Problem to work on:
Records follow. Print exactly the lines from the one that has "Vỏ trứng không" through the one that has "聚趣网校App是一款集在线德", inclusive, and omit the pictures.

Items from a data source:
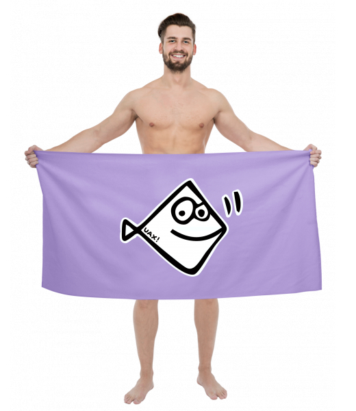 The original towel imprinted with UAX! Cycling for man with design 1111 PIRANHA in color LAVENDER
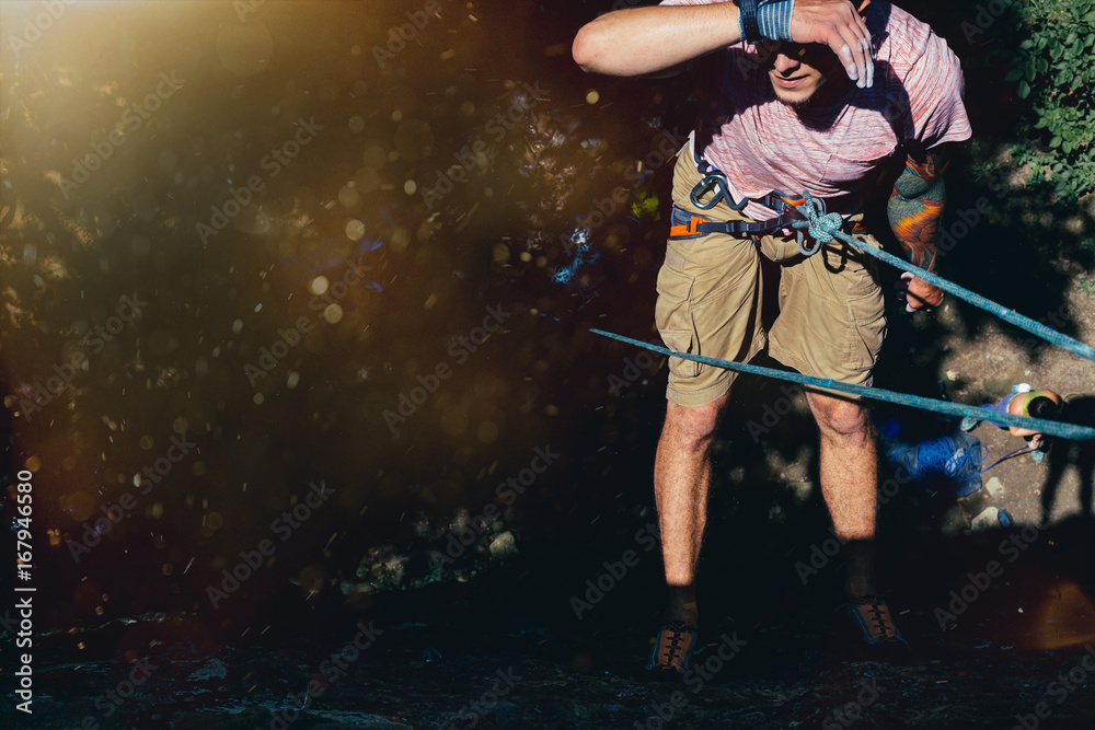 Young Climber Hanging On A Rock On A Rope And Looks Somewhere On The Wall. Extreme Lifestyle Outdoor Activity Concept
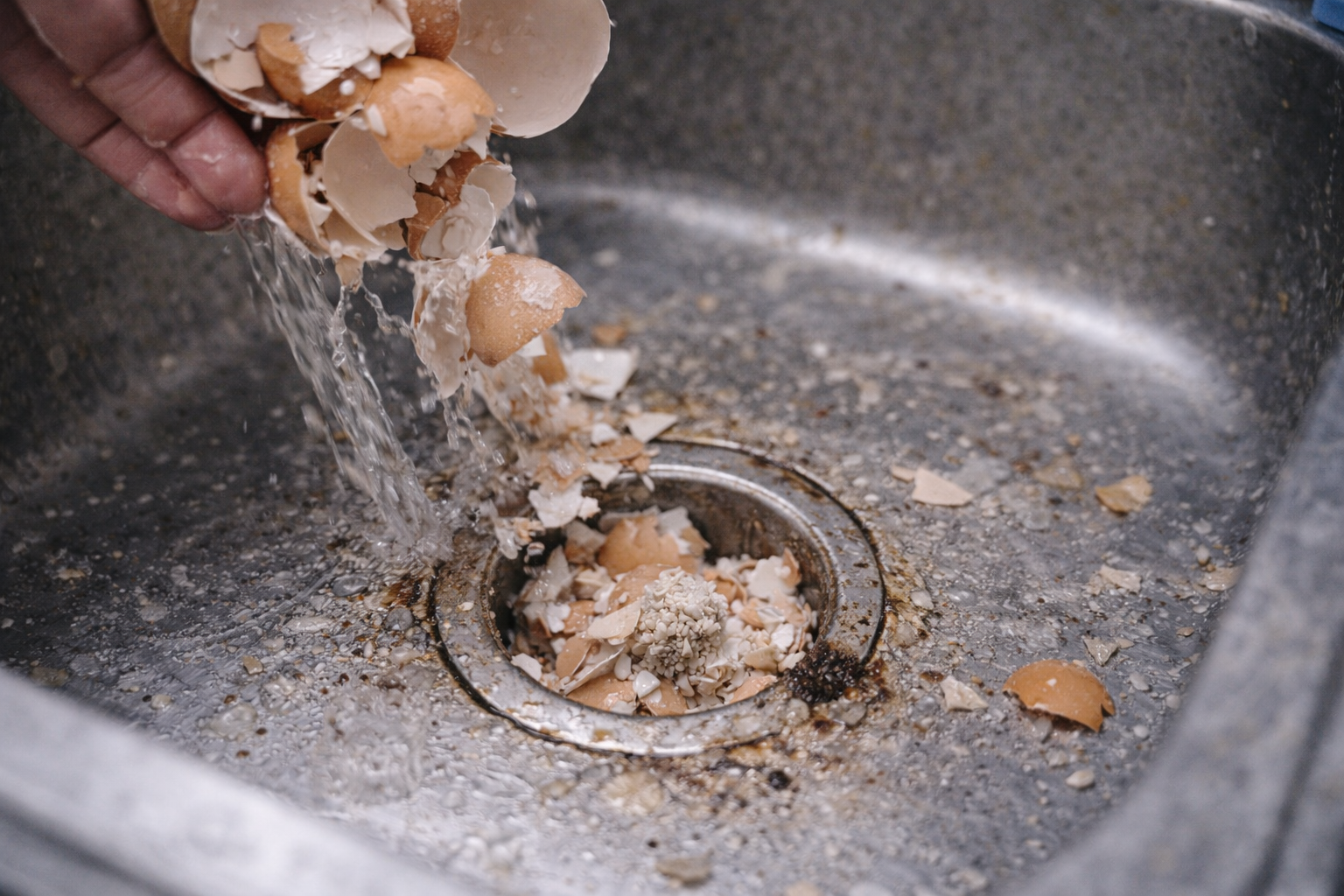 Vỏ trứng không nên đổ xuống cống vì phân hủy chậm, dễ bám ống và gây tắc nghẽn lâu dài.
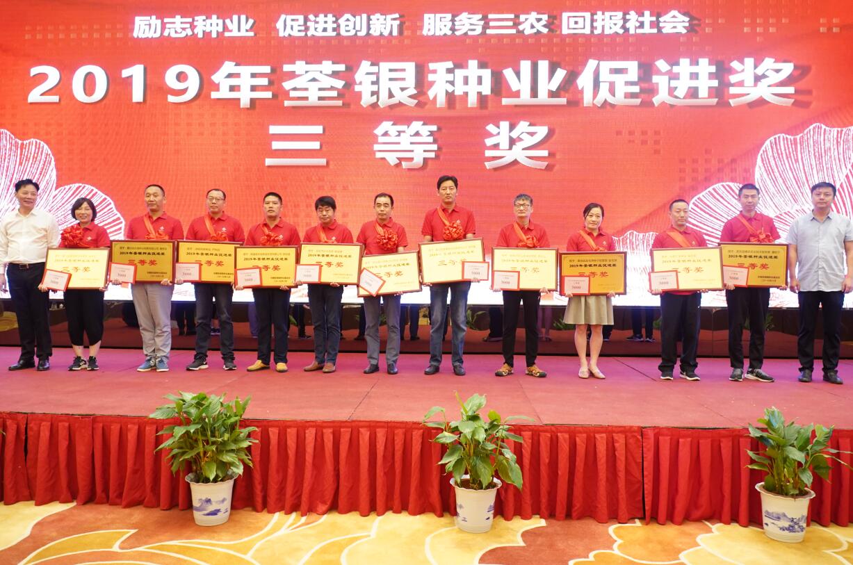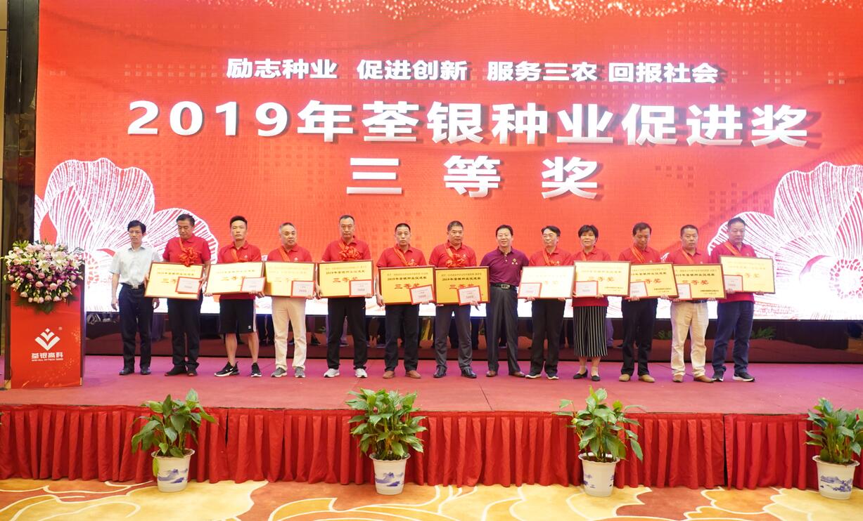 ??? 守初心擔(dān)使命,荃銀人深知企業(yè)的發(fā)展離不開社會的支持。會上,安徽張海銀種業(yè)基金會監(jiān)事鄭滿生先生宣讀“荃銀種業(yè)促進獎”頒獎文件,大會向35名在優(yōu)質(zhì)水稻推廣和良種服務(wù)等方面取得優(yōu)異成績的代表頒發(fā)了“荃銀種業(yè)促進獎”專項獎。
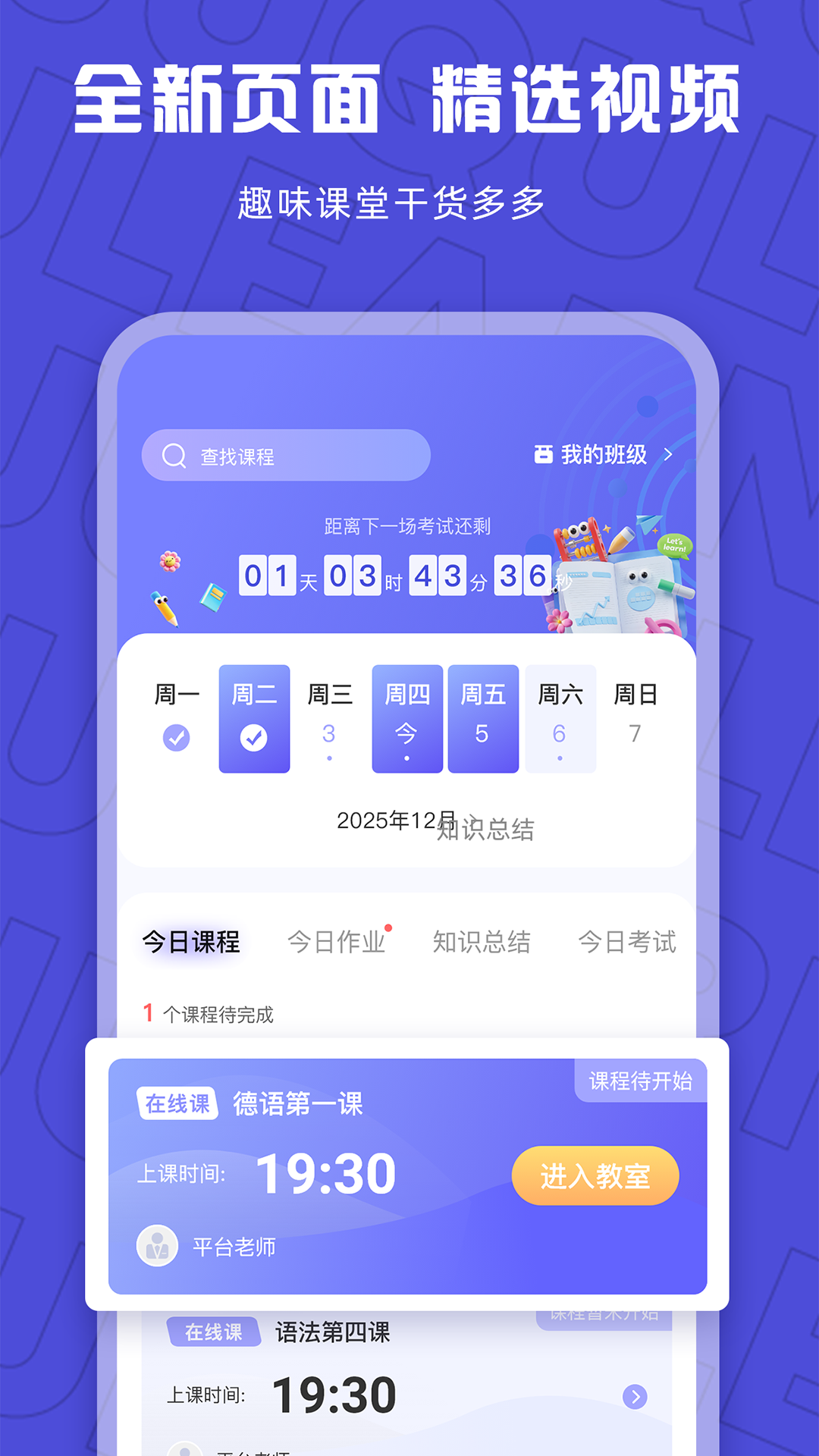 聚趣网校App是一款集在线德语,法语,韩语,日语,西班牙语教学为一体的学习软件。学员不仅能获得职场、兴趣、留学方面的培训,更能即时分享知识,收获学习伙伴。<br>使用手机、平板就能随时随地学习小语种,海量的名师讲解录制课程打开就可播放,还有多位高质量名师直播教学,是你在学习小语种路上的得力帮手。丰富的课程体系和学习系统,辅导老师课后答疑解惑,让您体验更有效的在线网课魅力!<br>【特色功能】<br>涵盖德、法、韩、日、西小语种课程任你选;<br>全方位教学服务:讲师+辅导+督学+课程规划师,4对1全方位助力学习,保证学习质量;<br>智能AI学习系统:上课+练习+测评,AI学习系统助力高效学习;<br>专业团队:留学名师,质量把控,多年教学经验,教师抽查机制,把握教学质量;
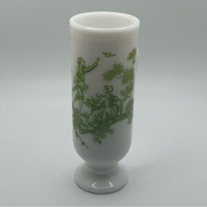 Very good vintage condition. vintage Avon milk glass demitasse cup with a green toile Victorian scene. These cups were sold by Avon, likely in the 1970s. Made of white milk glass and features a green toile design depicting a Victorian scene, often showing a man and woman with greenery or farm animals.
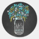 hermosos stickers de boda en pizarra - focas con flores turquesas, corazones de amor azul claro, hojas y encantador diseño rústico de tarro de albañil.
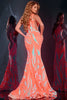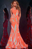 Make a vivid statement in this One-Shoulder Mermaid Sequin Camdyn Gown by Jovani. Featuring a striking print that combines tones of coral and aqua, this floor-length gown captivates with its bold pattern and form-fitting mermaid silhouette. The sleeveless design and one-shoulder neckline ensure a modern and sophisticated look while the open back style adds an extra touch of allure. Perfect for any formal occasion, this gown is crafted from sequin fabric that promises to sparkle and shine, making you the center of attention at any event.
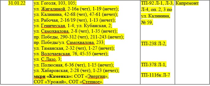 Электричество отключат из-за капитального ремонта подстанций с 08:00 до 17:00 по следующий адресам:
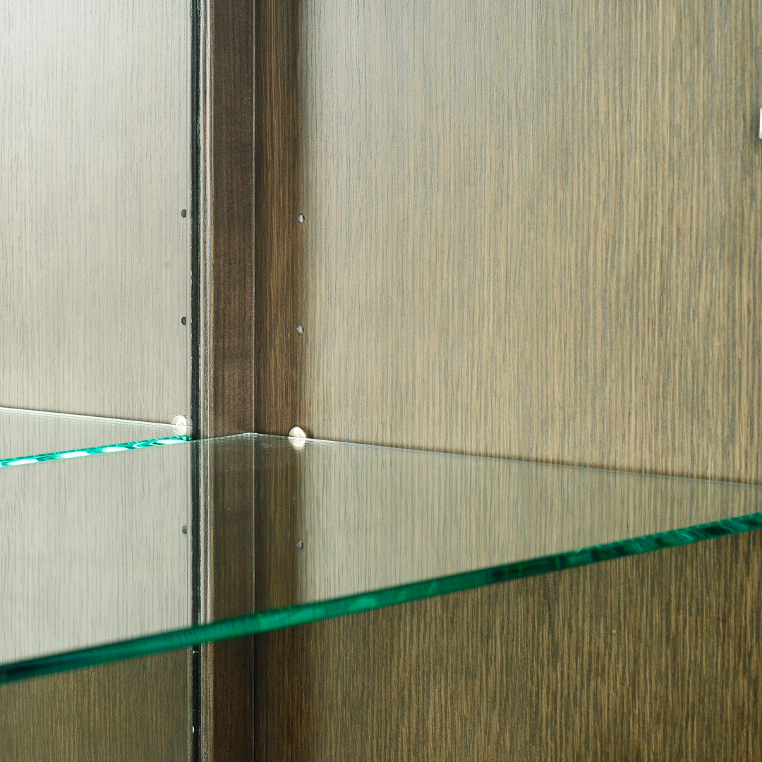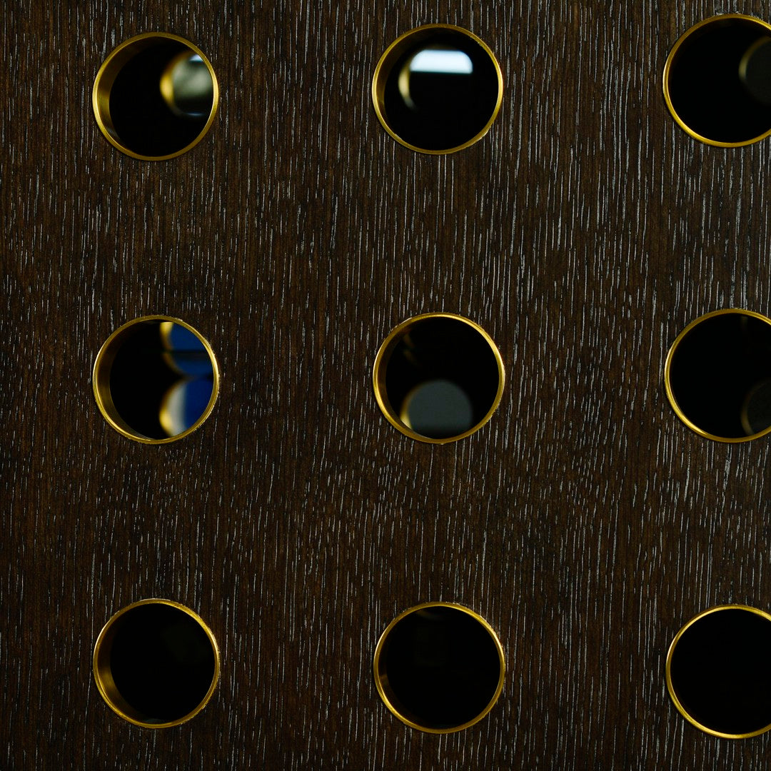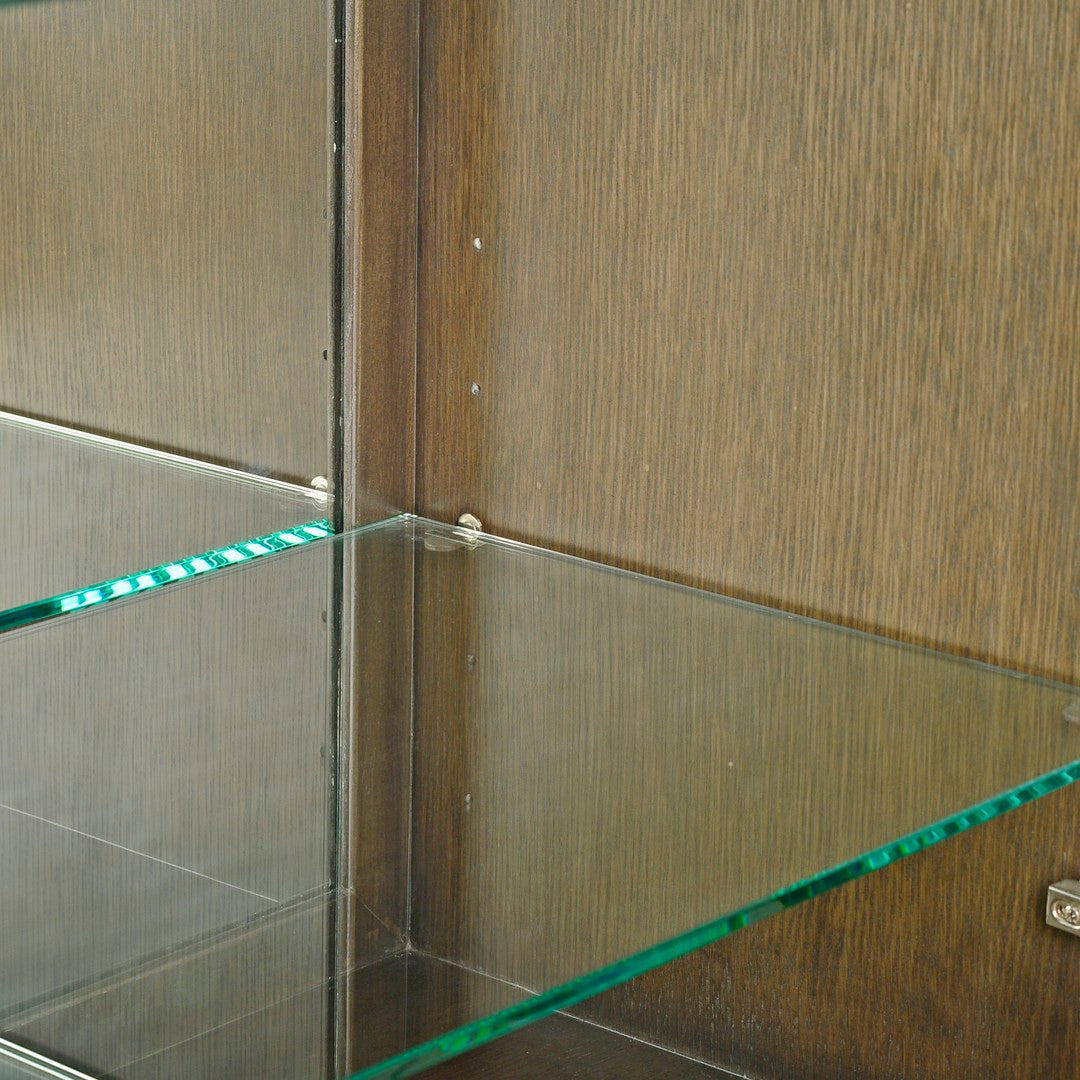 Our Kent China Cabinet features two perforated doors with a burnished brass detail, exterior trim, and base and tempered glass interior shelving; Midnight finish on quarter cut White oak veneer and solids.
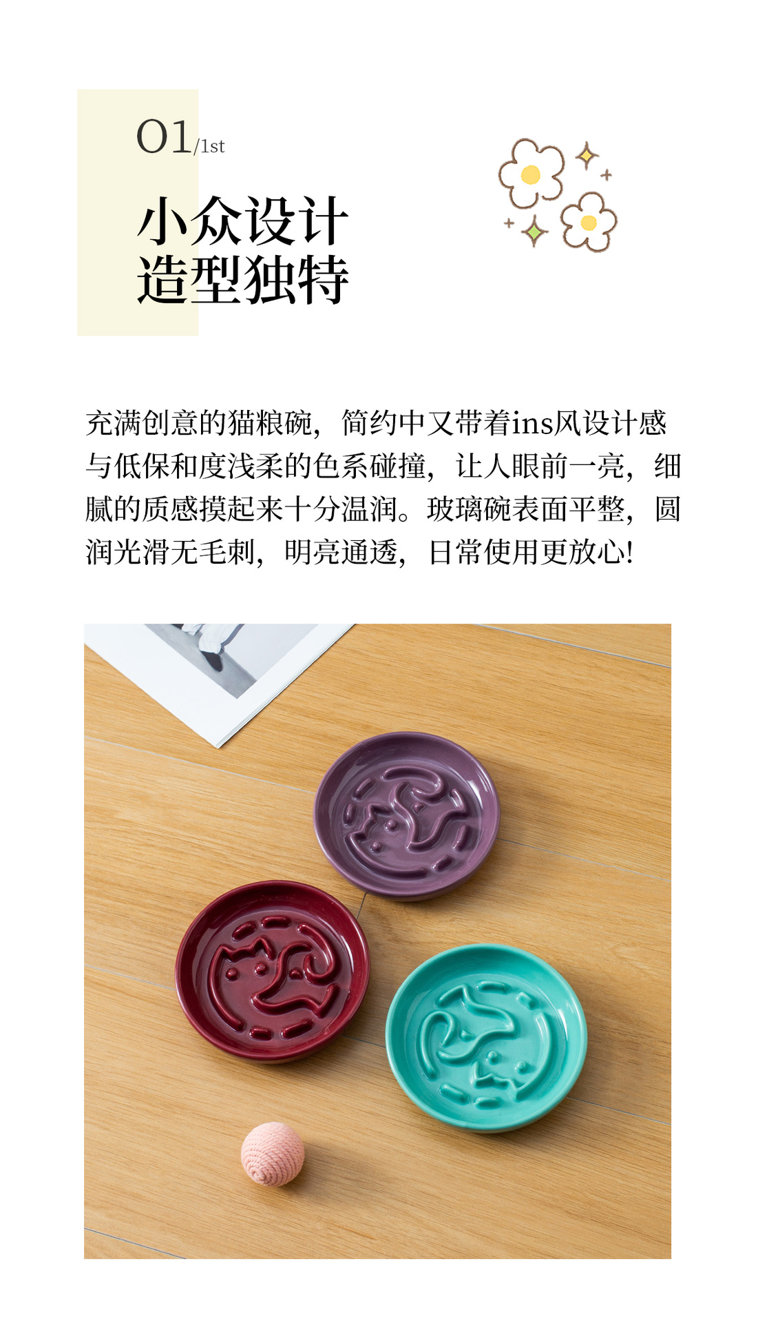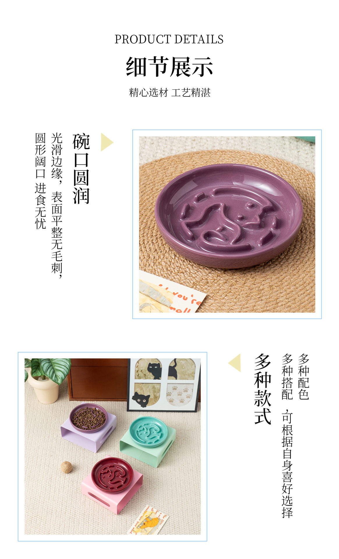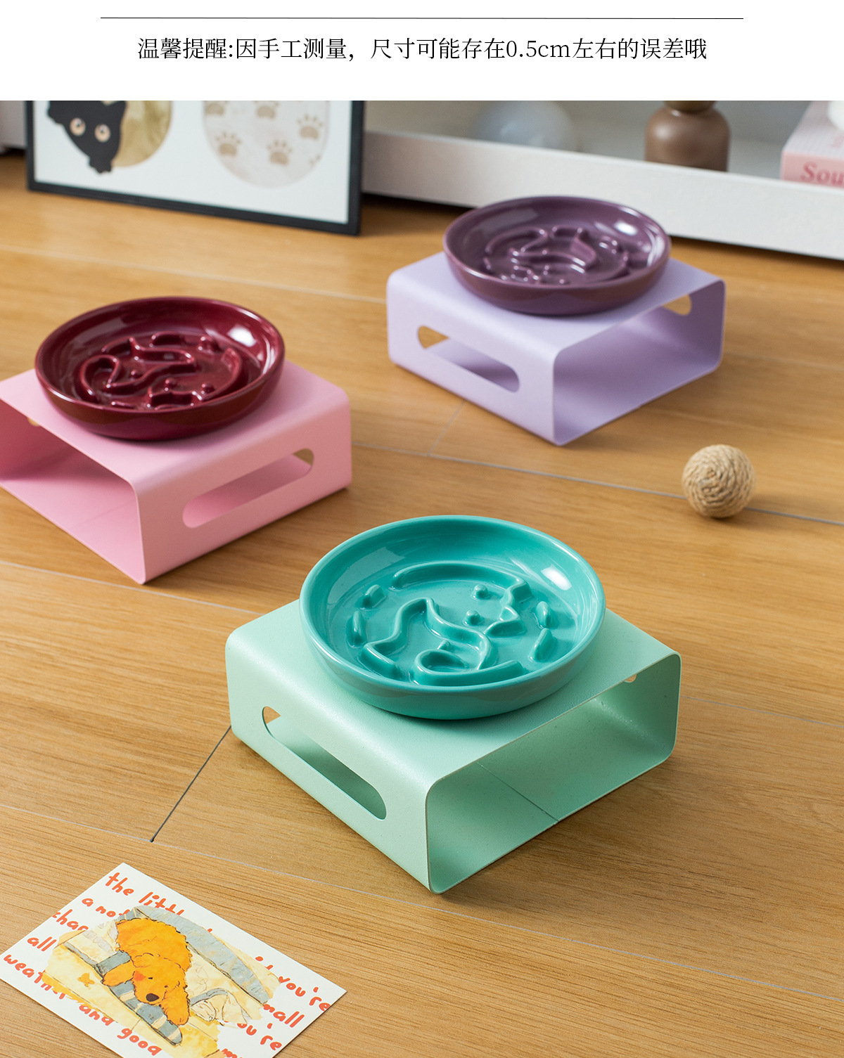 창의적인 만화 고양이와 개 패턴 느린 식사 접시 세라믹 질식 방지 느린 식사 그릇 고양이와 개를 넘어뜨리는 방지 그릇 애완 동물 느린 식사 그릇

The answer:
 Vỏ trứng không nên đổ xuống cống vì phân hủy chậm, dễ bám ống và gây tắc nghẽn lâu dài.
 ??? 守初心擔(dān)使命,荃銀人深知企業(yè)的發(fā)展離不開社會的支持。會上,安徽張海銀種業(yè)基金會監(jiān)事鄭滿生先生宣讀“荃銀種業(yè)促進獎”頒獎文件,大會向35名在優(yōu)質(zhì)水稻推廣和良種服務(wù)等方面取得優(yōu)異成績的代表頒發(fā)了“荃銀種業(yè)促進獎”專項獎。
 聚趣网校App是一款集在线德语,法语,韩语,日语,西班牙语教学为一体的学习软件。学员不仅能获得职场、兴趣、留学方面的培训,更能即时分享知识,收获学习伙伴。<br>使用手机、平板就能随时随地学习小语种,海量的名师讲解录制课程打开就可播放,还有多位高质量名师直播教学,是你在学习小语种路上的得力帮手。丰富的课程体系和学习系统,辅导老师课后答疑解惑,让您体验更有效的在线网课魅力!<br>【特色功能】<br>涵盖德、法、韩、日、西小语种课程任你选;<br>全方位教学服务:讲师+辅导+督学+课程规划师,4对1全方位助力学习,保证学习质量;<br>智能AI学习系统:上课+练习+测评,AI学习系统助力高效学习;<br>专业团队:留学名师,质量把控,多年教学经验,教师抽查机制,把握教学质量;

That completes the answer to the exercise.